Guru saya, As-Sayyid Muhammad bin Alwi Al-Hamid, menjelaskan
bahwa kalau kita di tengah-tengah shalat mendadak lupa sudah berapa rakaat,
maka hendaknya mengingat-ingat sendiri yang paling kita yakini.
Kalau kita yakin baru tiga rakaat, maka jumlah tersebut yang diambil. Begitupun jika yang kita yakin empat rakaat, maka itulah yang menjadi patokan kita.
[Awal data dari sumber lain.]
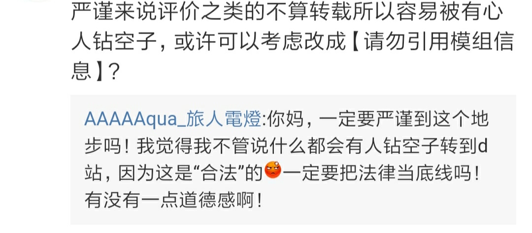 关于原作者认为“在dicecho讨论其模组不道德”的讨论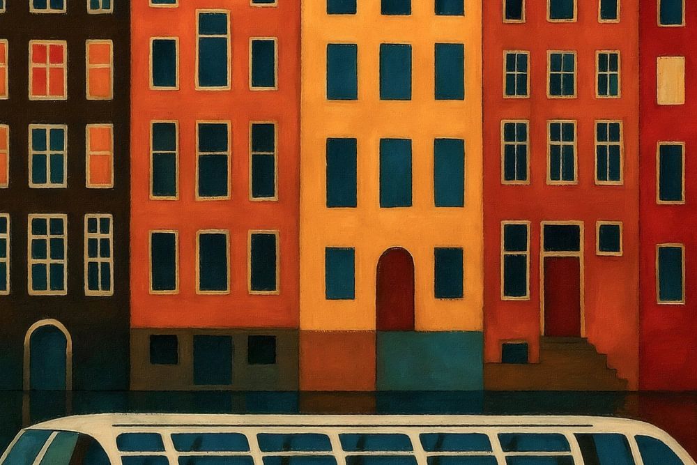 This colourful cityscape of Amsterdam depicts a picturesque scene on a quiet canal, characterised by warm, bright façades and a white boat in the foreground. The tall, narrow houses with their characteristic gables are reflected in the water, creating a harmonious balance of architecture, colour and atmosphere. The bold reds, oranges…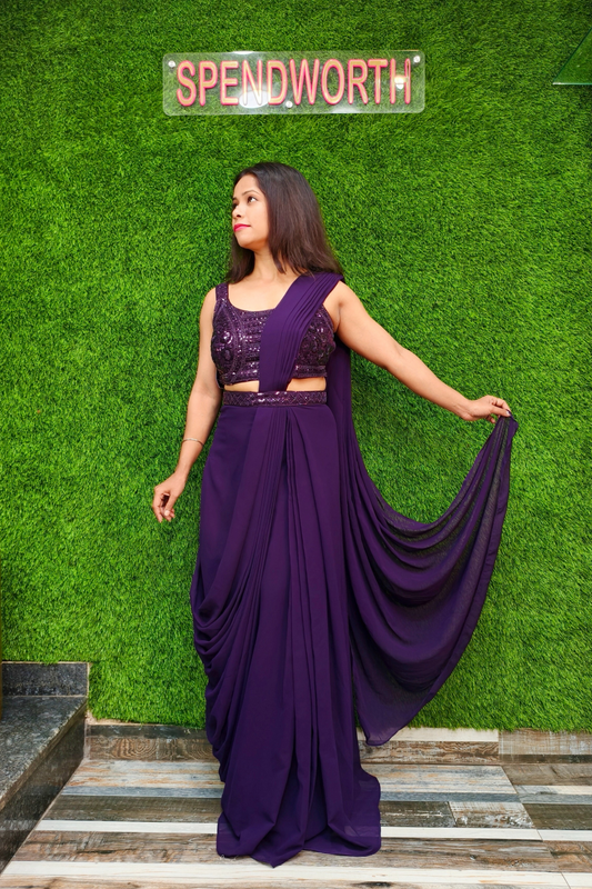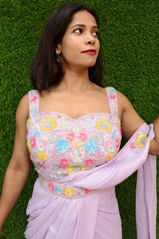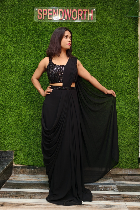 Ready To Wear Drape Dress With Hand Embellished Blouse

Seandainya ada orang lain duduk di sebelah kita, dia sedang
tidak shalat, lalu memberi tahu bahwa shalat kita sudah sekian rakaat! Tetap
saja dilarang kita mendengarkan informasi dari orang ini. Kita tetap harus
berpegang teguh pada ingatan sendiri.
Demikianlah karena dalam ilmu Fiqih, orang yang sedang shalat
tidak dibenarkan mendengar perkataan orang yang tidak shalat.
Sebenarnya saya hanya ingin mengatakan, bahwa dalam agama
juga diatur beberapa keadaan khusus ketika kita tidak perlu mendengarkan orang
lain.
Jika seperti ini, maka tidaklah berlebihan kalau dalam
kehidupan sehari-hari kita juga tidak diharuskan mendengarkan semua penilaian
orang. Terutama saat orang lain menilai kita dengan kacamata mereka sendiri.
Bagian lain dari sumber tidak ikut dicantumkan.